Живые голоса высоких дородных девок летали за оком…
Каждое утро и каждый вечер он делал очередную попытку вернуться, и неизменно – вязкая, тошнотная, убивающая всякую отвагу боль отбрасывала его назад, и оставалось только лежать, сжав до скрежета зубы, слушать, как остывает сердце, и смаргивать капли пота и слез. Рана была плоха, гноилась, перевязывать было практически нечем: от рубашки Дэнни, годившейся на бинты, уже почти ничего не осталось. От них самих почти ничего не осталось: два скелета тащили третьего. Роняли, падали сами, поднимались, тащили. Падали, роняли…
В какое-то утро – тело исчезало, быстро и неодолимо, но дух, освобождаясь, обретал особую, неведомую до сих пор ясность – Глеб вдруг ощутил себя просто умирающим солдатом, который точно знает, что враг разбит, но сам умрет прежде и не увидит торжества… он был самым простым солдатом, вчерашним школьником, убитом на высоком мосту – и никакие роковые знания не отягощали его, никакая миссия не ждала, никто не возлагал на него надежд, и даже мать и отец не заплачут о нем, разве что нежная женщина – но и она чужая жена, она утешится…
– Полковник, – позвал он. Голос слабый, но чистый. – Полковник, мне надо сказать вам несколько слов.
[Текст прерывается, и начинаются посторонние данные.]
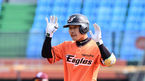 [OSEN=대전, 조은정 기자]18일 대전 한화생명이글스파크에서 '2023 KBO리그 시범경기' 한화-키움의경기가 열렸다.4회말 1사 3루 한화 박정현이 달아나는 적시 2루타를 날린 뒤 세리머니를 하고 있다. 2023.03.18 /cej@osen.co.kr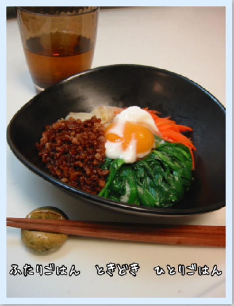 ごはんに①と②を盛り、仕上げにお好みで温泉卵をのせる。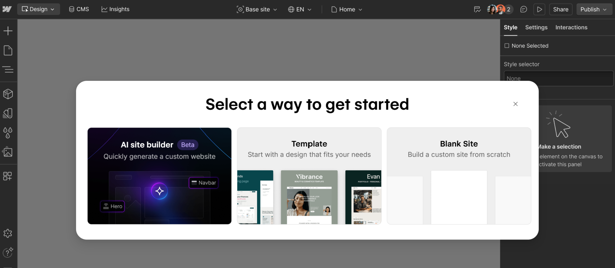 Ekran wyboru sposobu rozpoczęcia projektu. Webflow oferuje trzy opcje: AI Site Builder, gotowy Template lub Blank Site, pozwalający budować strony od podstaw. Dzięki temu każdy może wybrać styl tworzenia strony, który najlepiej odpowiada jego potrzebom.
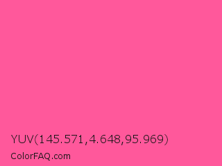 YUV 145.571,4.648,95.969 Color is a light rose color and the nearest color is Brilliant Rose #ff55a3. Hex code #ff589b and RGB value is rgb(255,88,155). In RGB color space, this color is composed of 100% red, 35% green, 61% blue, In CMYK color space, this color is composed of 0% cyan, 65% magenta, 39% yellow , 0% black , In HSL color space, this color has a hue angle of 336° , 100% saturation and 67% lightness.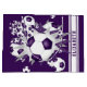 Esta fresca bolsa de regalos con temática de fútbol presenta una "explosión" de balones de fútbol de tamaño variado púrpura y blanco y formas estrella grises y moradas - la estrella púrpura tiene un patrón de pequeños puntos de polka blancos - personalizar con su nombre orientado verticalmente sobre rayas de varsidad blancas en el borde derecho, frontal y posterior - fondo púrpura (frontal y posterior) es personalizable - por katz_d_zynes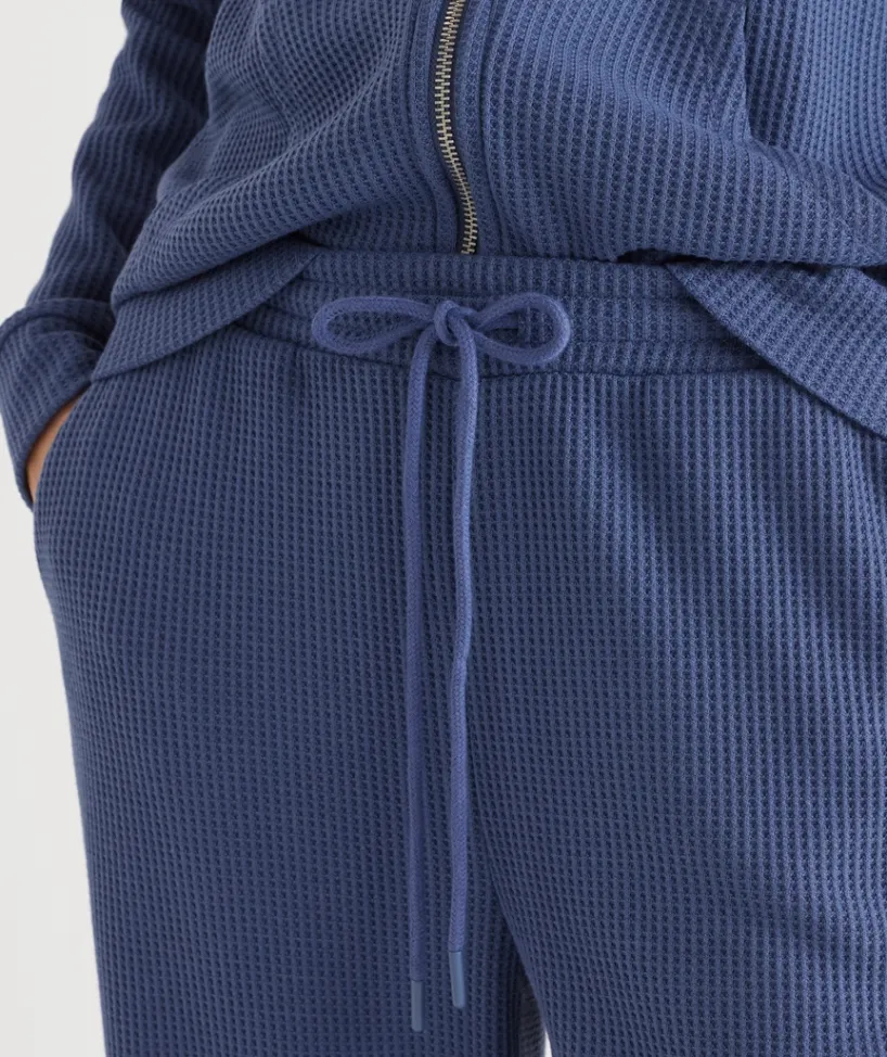 Complete your lounge look with our ultra-comfortable Waffle Lounge Pants in a stylish silver marle and cornflower hue. Crafted from soft, breathable waffle-knit fabric, these pants offer a relaxed fit and exceptional comfort for all-day wear. The elasticated waistband with a drawstring provides a customisable fit, while the relaxed leg design ensures a laid-back, easy-going silhouette.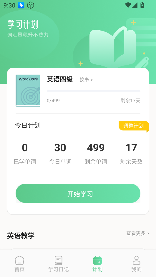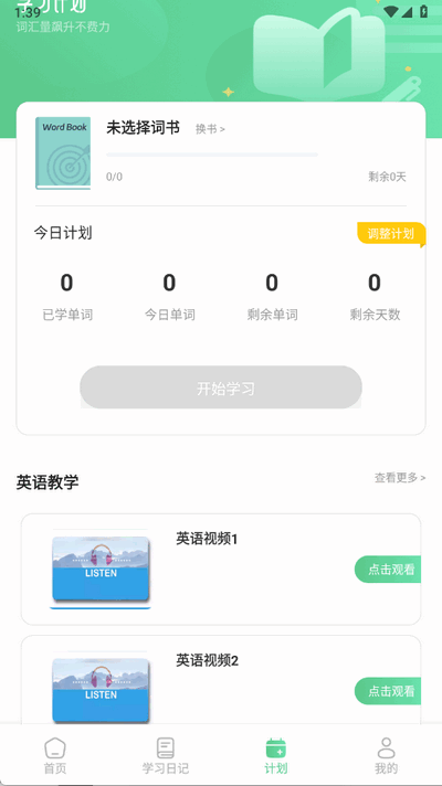 4、词库页面可选择词书进行学习,还能制定学习计划。

– Да, сынок, – лицо Вильямса, опрокинутое, склонилось над ним.
– Если я умру, я хочу, чтобы вы знали…
– Ты не умрешь.
– Чтобы вы знали. Я торопился остановить вас. Нельзя было… сжигать. Теперь придется…
– Почему – нельзя?
– Это был не только проход. Еще и… вентиль на трубе…
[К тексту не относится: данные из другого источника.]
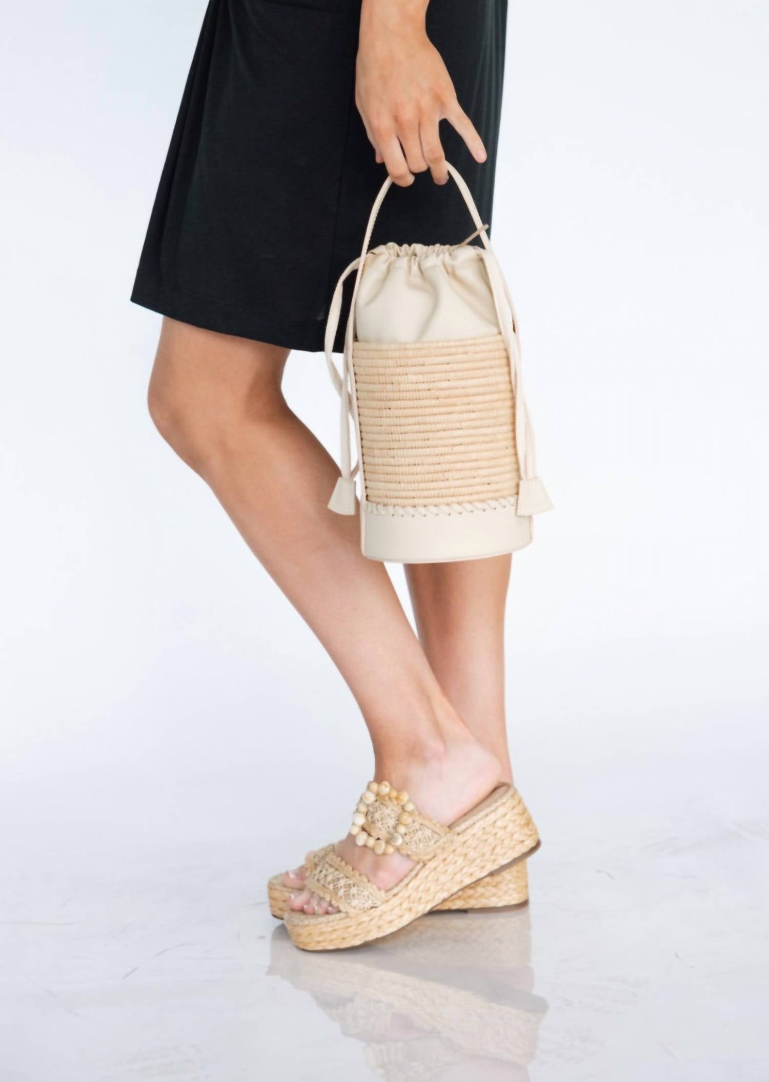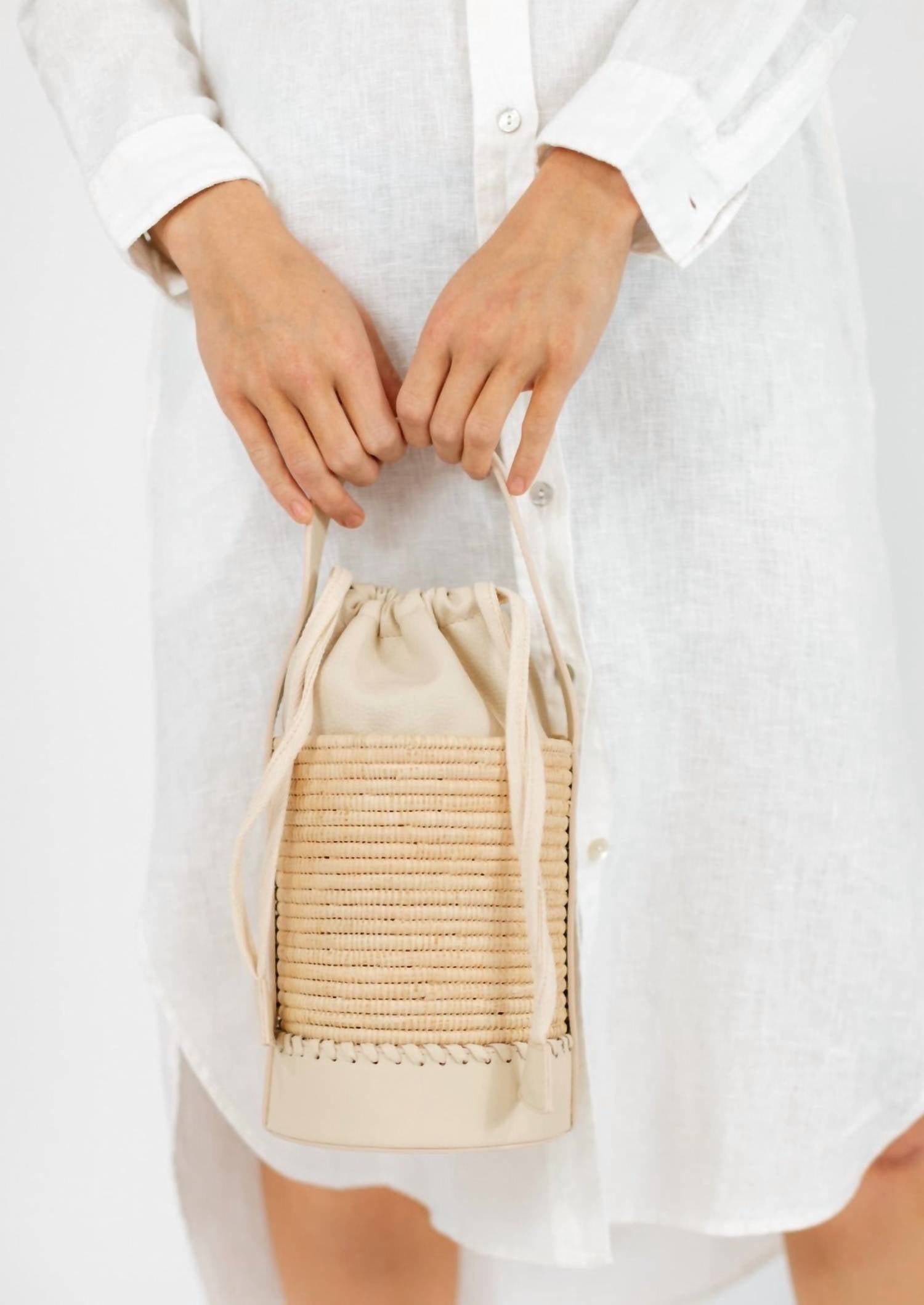Lipstick, check. Mints, check. Credit card, check. The cutest little bag that holds all of your necessities. The Women's Kira Bucket Bag by Cleobella is a masterfully crafted handbag that effortlessly elevates your accessory game. Ethically handmade in Morocco, this versatile piece boasts a unique shape and a neutral white hue, offering understated sophistication. Ideal for complementing any outfit, this bag integrates seamlessly into your wardrobe. Crafted with care, it stands as both a subtle and striking choice for your handbag collection.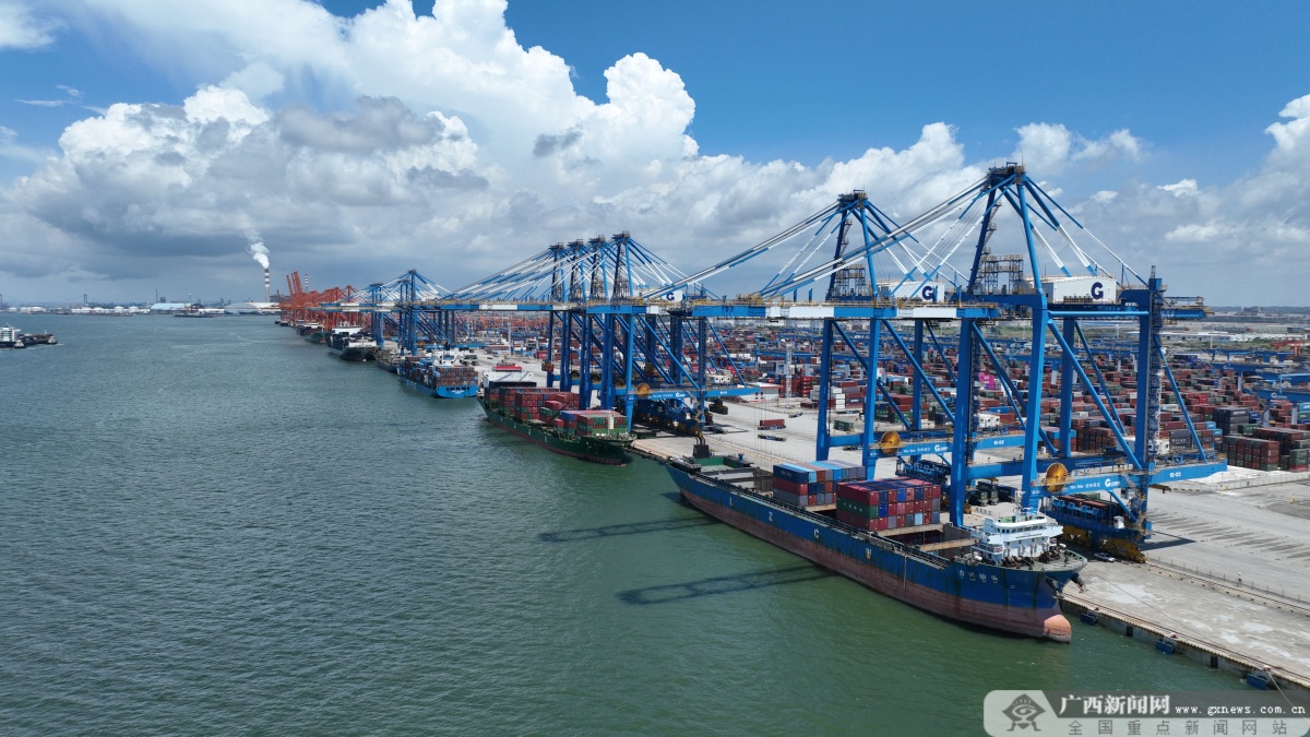 在广西钦州北部湾港自动化集装箱码头,货轮在有序卸下集装箱货物。何家海 摄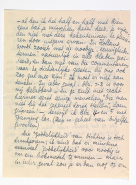 Die ‘goddelijkheid’ van dichters is toch krankjorem; ik vind dat er minstens evenveel ‘goddelijkheid’ voor noodig is om een boksmatch te winnen - maar in ieder geval zou je er dan nog op een andere manier over moeten spreken dan je het hier deed. En die Onze-Lieve-Heer die je ‘leenheer’ heet! Neen, ik kan daar alleen maar beroerd van worden; het is me te kras, en te griezelig spiritistisch!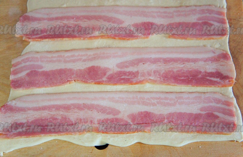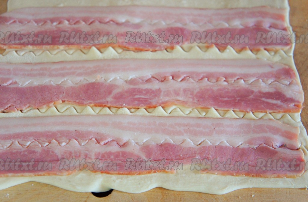 Разрезать тесто с беконом на полоски.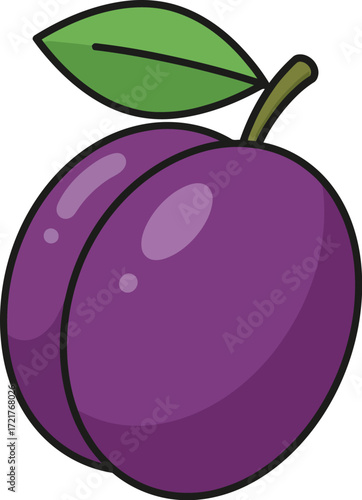 Scalable vector illustration of a ripe purple plum with green leaf for graphic design

– Какой вентиль? О чем ты?
– Трудно объяснить. Но вода теперь перестала уходить из Транквилиума. Понимаете? Вода. Бассейн с двумя трубами.
– Так. Это точно?
– Да.
– И что же теперь?
– Придется… сжигать вторую трубу.
– Где она? Ты знаешь?
– Да. Над островом Николса. На высоте… тысячи футов. Понимаете?
Кто-то судорожно вздохнул.
– Все связано… вот так, – Глеб сплел пальцы. – Я не решился бы… сам. Спасибо.
Вильямс сказал что-то, длинное, короткое – Глеб почти не слышал. Сладкая волна приподняла его, качнула. Голова запрокидывалась все сильнее, ноги всплывали. Он зашарил руками, пытаясь удержаться.
Волна откатилась, оставив его на песке.
Кто-то шел: синий струящийся силуэт на серебряном фоне.
На миг показалось: Юдифь с головой Олоферна и мечом в руках.
Потом мигнуло. Тощий старичок с посохом и фонарем приблизился к Глебу.
«Лишь одиночество не предаст тебя», – сказал он, останавливаясь.
«Тогда я предам его, – ответил Глеб. – Я уже научился предавать.»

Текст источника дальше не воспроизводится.